The research, for the LGA by the Learning and Work Institute (LWI), reveals that by 2024, there will be a surplus of 6.2 million low-skilled workers and 1.9 million people with intermediate skills.
However, there will also be 4.2 million more high skilled jobs than people qualified to do them.
The LGA warned that a failure to address this growing skills crisis will mean £90bn of economic growth will be lost.
It added that the current centrally-governed skills and employment funding is ‘confusing, fragmented, untargeted and ineffective’.
It is calling on the Government to give groups of councils across England the power and funding to deliver a one-stop ‘Work Local’ service for skills, apprenticeship, employment, careers advice and business support provision within five years.

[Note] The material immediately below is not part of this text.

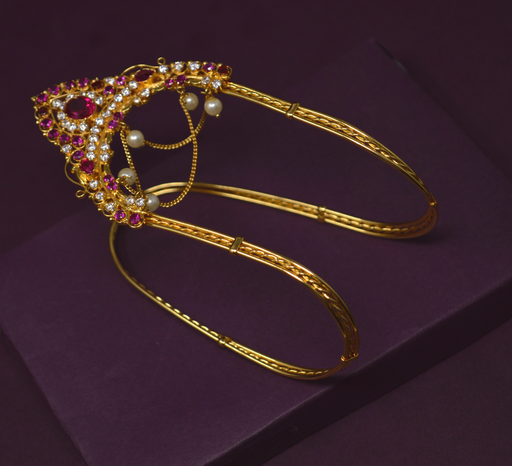 Finish: Plain Gold Type: Adjustable Occasion: Traditional This product is made of electro-plated brass alloy and imitation stones.
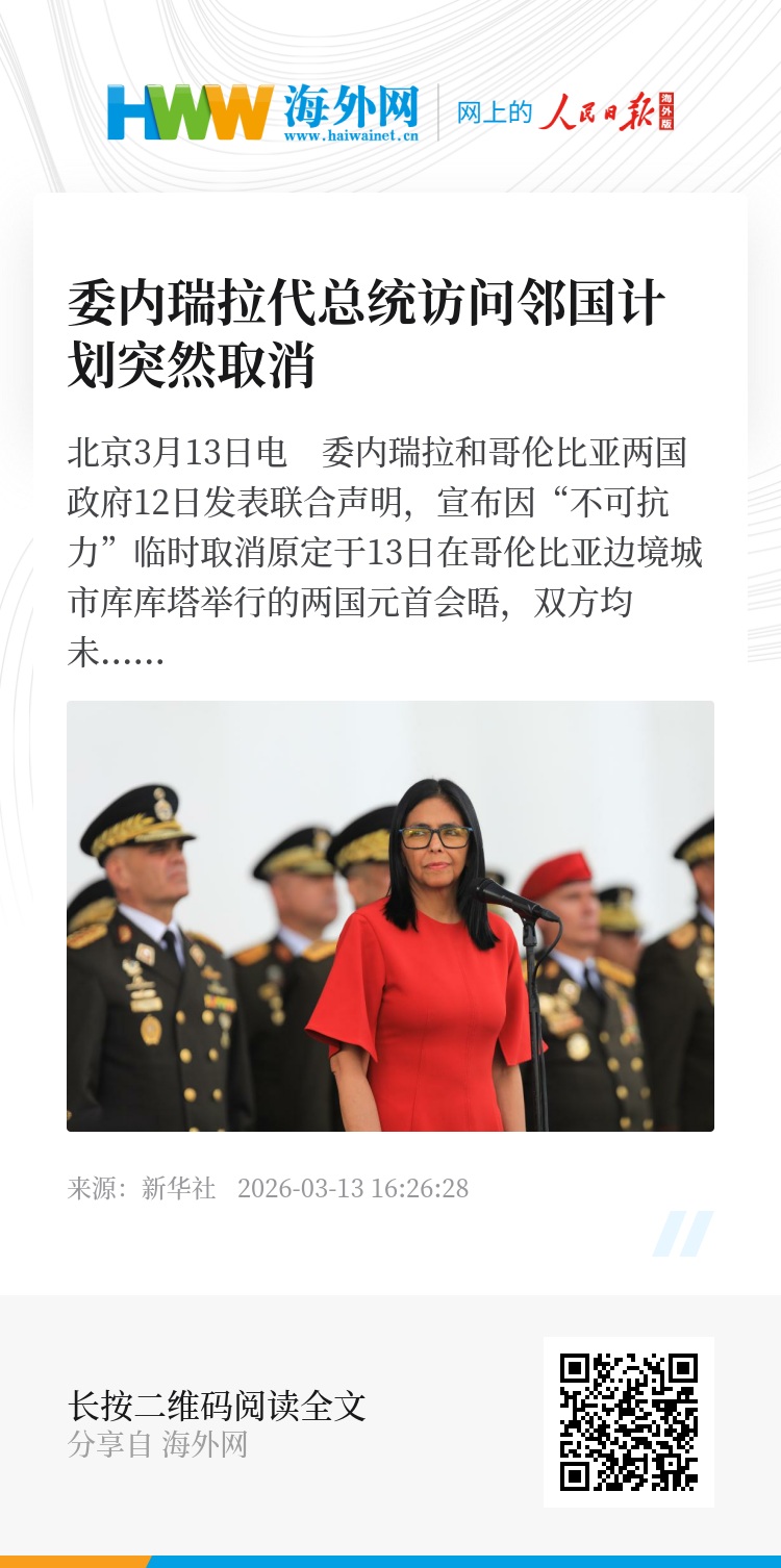 新华社北京3月13日电 委内瑞拉和哥伦比亚两国政府12日发表联合声明,宣布因“不可抗力”临时取消原定于13日在哥伦比亚边境城市库库塔举行的两国元首会晤,双方均未说明具体原因。

Cllr Sir Richard Leese, Chair of the LGA’s City Regions Board, said: ‘This research paints a worrying vision of the skills gap facing the nation. Without radical reform, swathes of people face a future where they have skills mismatched for jobs, risking them being in low paid, insecure work, and reliant on benefits, at a huge cost to people’s lives and the local and national economy.
‘The current system for getting the unemployed into work is not working for the economy, for employers or individuals. This has to change for the future economic prosperity of this country. Limits on EU migration after Brexit could exacerbate these skills challenges which makes it more important than ever to have a better system in place for retraining and upskilling the current workforce.’